Why does MS Office keep activating the “I” automatically even if the Italic is not linked to the Regular?

I also tried to give it different names to see if I can trick MS Office not to activate the “I”, but didn’t work. I tried Slanted, Cursive, Freehand, Informal, etc… but for some reason, it still knows that these are italics. Maybe it is from the italic angle input.

Is there is a way to make MS Office not activate the “I” automatically?

It might look at the italic angle or the “isItalic” bit.

Placing the “Italic Angle” value to 0° removed the automatic activation of the “I”.
So this solves it.
Will the italic styles functioning properly though with the spacing and kerning even if the angle is placed at 0°?

What about the “isItalic” bit?
Where can I activate or deactivate that in Glyphs?

The spacing and kerning is fine. The slanted sidebearings are only calculated for the UI.

Amiri has an Arabic and Latin that slant in the opposite directions, it used to work on MS Office but it was a while since I last tested it and I can’t test it now. Can you check if it works for you? If it does then it might give you a hint why your font is not working as expected.
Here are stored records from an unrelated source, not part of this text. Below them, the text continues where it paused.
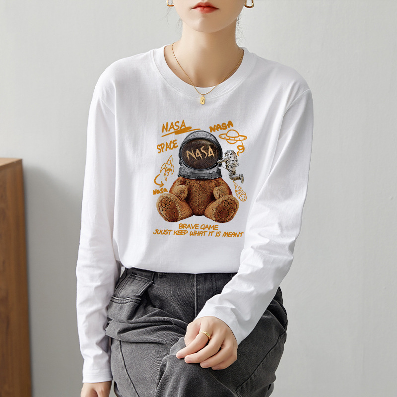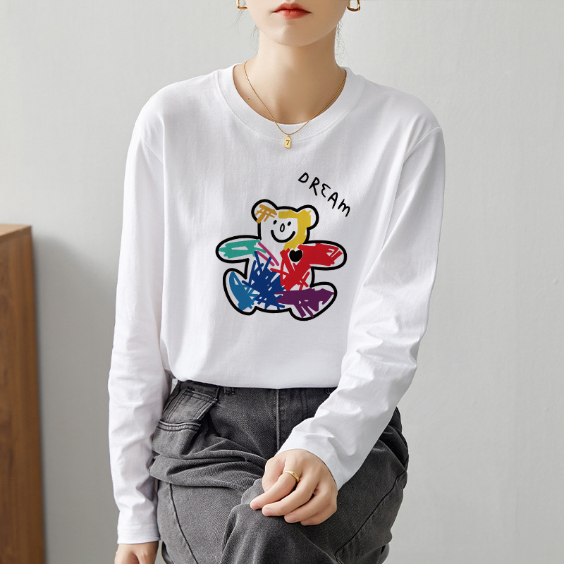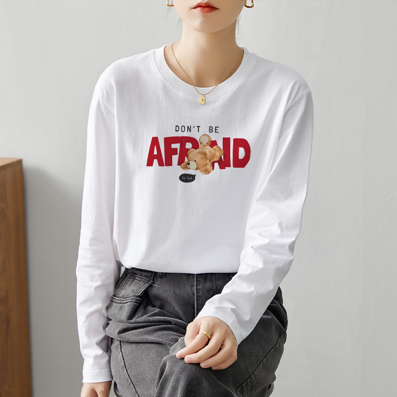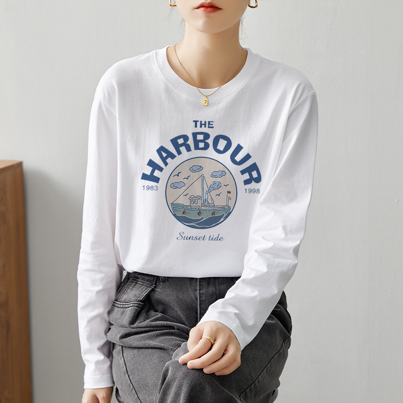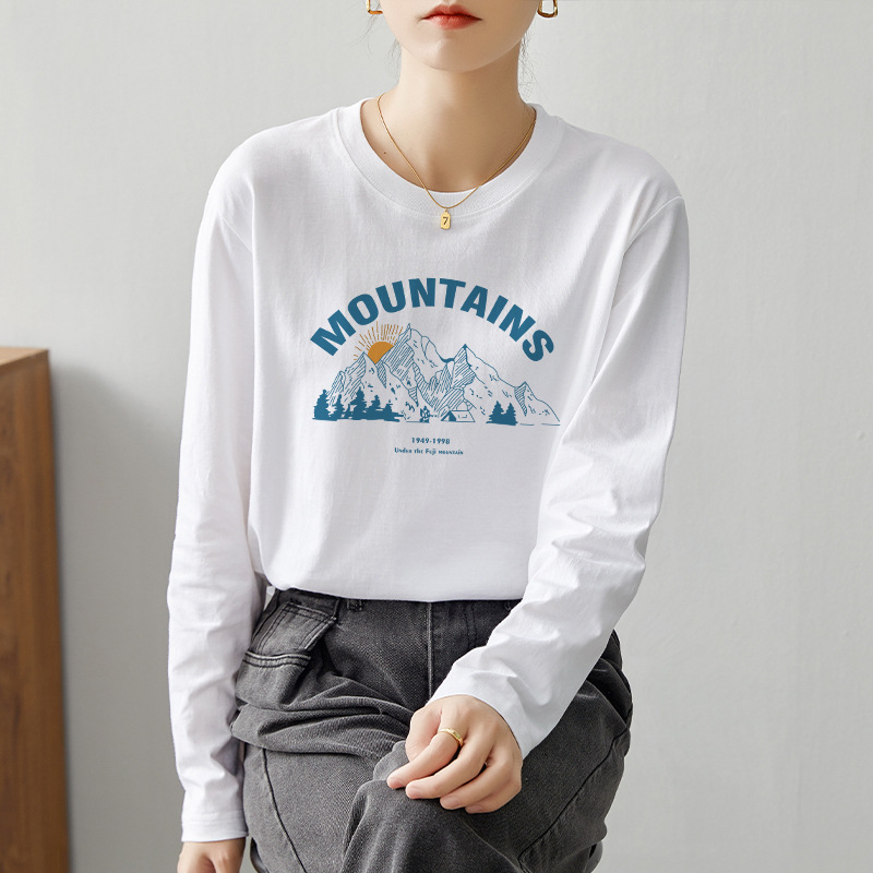 【59元/2件】全棉长袖t恤 新疆好棉休闲百搭印花T恤打底衫上衣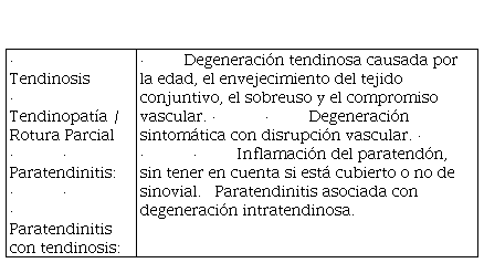 La tendinopatía, nombre colectivo para tendinitis, tendinosis y paratendinitis, es el síndrome clínico que describe las lesiones por uso excesivo del tendón. Se caracteriza por una combinación de dolor, inflamación difusa o localizada y pérdida de la función, daño térmico, y respuestas compresivas adaptativas(Suer & Abd-Elsayed, 2019). Se trata de una respuesta fallida a la curación, asociada a degeneración de las células tendinosas, desorden de las fibras de colágeno, aumento de la matriz celular sin colágeno junto con una inflamación neurogénica(Scott et al., 2015).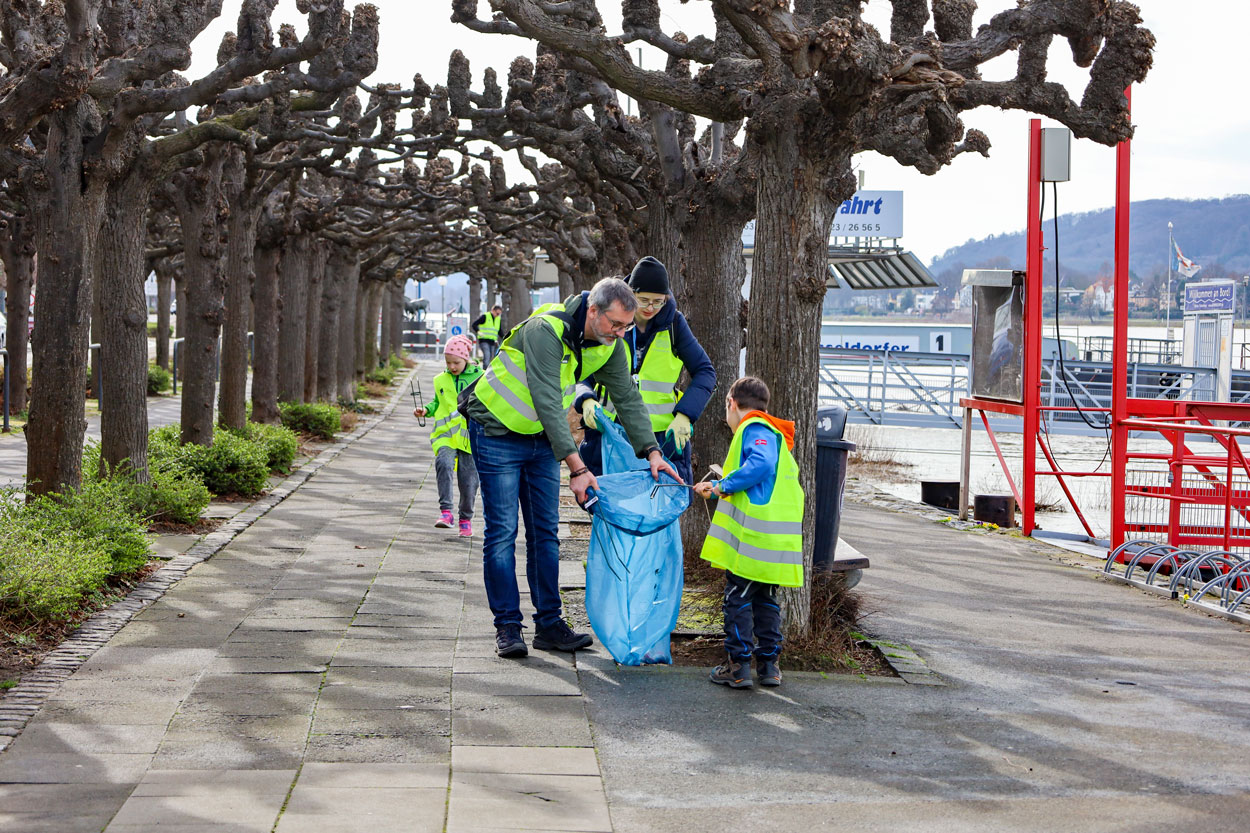Zum Beginn der stadtweiten Reinigungsaktion am Samstag, 18. März 2023 machten sich am Vormittag Mitarbeitende der Stadtverwaltung zusammen mit Bürgermeister Lutz Wagner und Dezernentin Heike Jüngling in der Altstadt von Königswinter auf den Weg, um Müll einzusammeln. Am Rhein, in der Fußgängerzone und rund um die Altstadtgassen wurden hauptsächlich Zigarettenstummel, Plastik- und Papierteile gefunden. Aber auch Kuriositäten wie eine Schuhsohle oder eine Krücke waren mit dabei.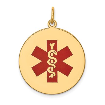 14K Red Enameled Textured Back Caduceus Medical Disc Charm

I have downloaded Amiri and tried to test it in MS Word.
Same problem. In the slanted, then Arabic is being slanted to the right from the upright instead of placing the true Slanted Arabic which is slanted to the left.

I guess it broke at some point then, it was a while since I tested this on MS Office. FWIW, other Windows applications seem to handle this just fine.

Please report this to Microsoft. The font people there are listeing to stuff like this. And sometimes they even can get it fixed :wink: I would ask @aaronbell or Rob McKaughan?

1 Like

I’ve reached out to Si over at Office to see if he has any ideas. Meanwhile, if you could message me your contact info, I’ll put you in touch directly so you can share your font file with him for investigation.

I suspect that it might just be a font linking issue, but don’t really know if there’s any special behind-the-scenes behaviors of Word with Arabic.

I am testing on MS Word Version 15.32. I don’t have the new Office 365.